_WORK REQUIRED_:
Once the line containing "Flott, rundt anheng" is found in the entries below, reproduce it and every line after it, stopping at and including the line containing "Sunday afternoon a"; reproduce nothing else, and keep each line exact.

_DATASET RECORDS_:
──────────

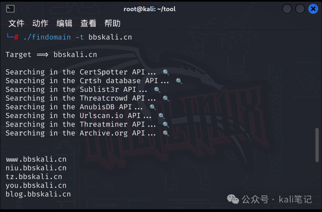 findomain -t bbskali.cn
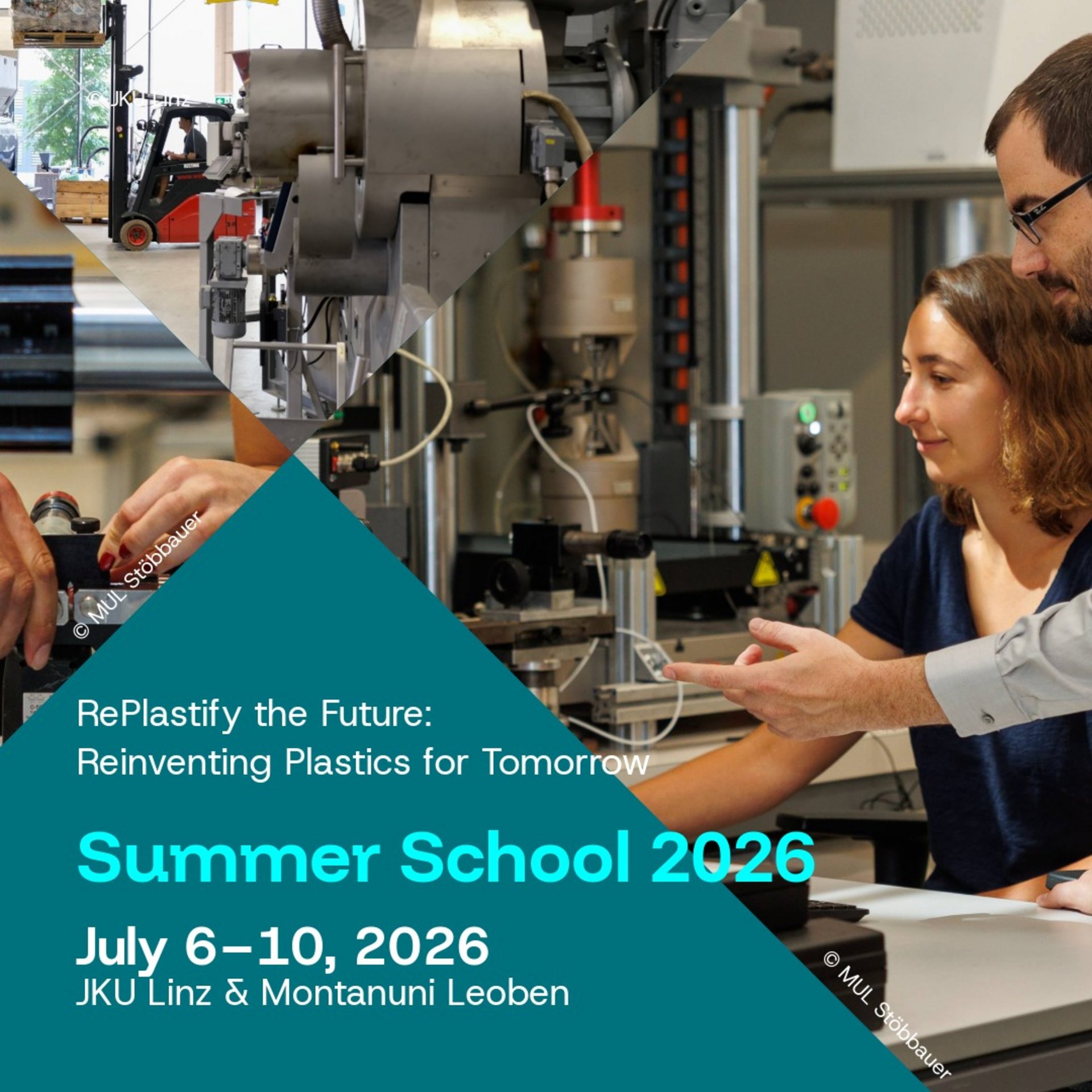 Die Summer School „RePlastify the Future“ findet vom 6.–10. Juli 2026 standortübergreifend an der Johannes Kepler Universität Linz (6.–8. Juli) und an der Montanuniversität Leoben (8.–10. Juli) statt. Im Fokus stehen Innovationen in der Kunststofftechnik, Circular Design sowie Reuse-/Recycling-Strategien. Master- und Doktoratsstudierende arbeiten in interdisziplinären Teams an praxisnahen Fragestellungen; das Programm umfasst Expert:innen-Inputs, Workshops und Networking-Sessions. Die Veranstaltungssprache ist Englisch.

──────────

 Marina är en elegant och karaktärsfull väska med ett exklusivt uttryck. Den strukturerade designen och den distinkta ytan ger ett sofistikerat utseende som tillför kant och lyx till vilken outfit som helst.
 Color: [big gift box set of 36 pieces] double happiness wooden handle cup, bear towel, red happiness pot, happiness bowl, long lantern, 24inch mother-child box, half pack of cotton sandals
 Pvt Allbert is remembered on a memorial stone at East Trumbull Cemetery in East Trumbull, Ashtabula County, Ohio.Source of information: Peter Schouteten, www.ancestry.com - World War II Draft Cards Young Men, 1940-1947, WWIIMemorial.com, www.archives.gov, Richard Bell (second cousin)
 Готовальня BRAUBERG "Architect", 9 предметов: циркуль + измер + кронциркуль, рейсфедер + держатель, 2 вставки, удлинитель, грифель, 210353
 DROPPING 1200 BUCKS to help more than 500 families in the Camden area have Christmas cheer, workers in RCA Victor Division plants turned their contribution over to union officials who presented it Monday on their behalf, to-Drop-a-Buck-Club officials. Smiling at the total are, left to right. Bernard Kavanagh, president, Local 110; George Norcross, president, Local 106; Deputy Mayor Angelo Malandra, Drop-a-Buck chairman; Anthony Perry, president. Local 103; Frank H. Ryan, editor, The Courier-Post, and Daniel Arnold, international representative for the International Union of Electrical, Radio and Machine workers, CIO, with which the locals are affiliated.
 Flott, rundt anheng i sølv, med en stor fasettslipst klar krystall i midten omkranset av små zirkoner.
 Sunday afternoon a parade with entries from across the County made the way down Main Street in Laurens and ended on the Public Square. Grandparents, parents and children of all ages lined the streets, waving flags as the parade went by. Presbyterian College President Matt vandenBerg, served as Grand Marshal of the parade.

──────────

_SOLUTION TO THIS EXERCISE_:
 Flott, rundt anheng i sølv, med en stor fasettslipst klar krystall i midten omkranset av små zirkoner.
 Sunday afternoon a parade with entries from across the County made the way down Main Street in Laurens and ended on the Public Square. Grandparents, parents and children of all ages lined the streets, waving flags as the parade went by. Presbyterian College President Matt vandenBerg, served as Grand Marshal of the parade.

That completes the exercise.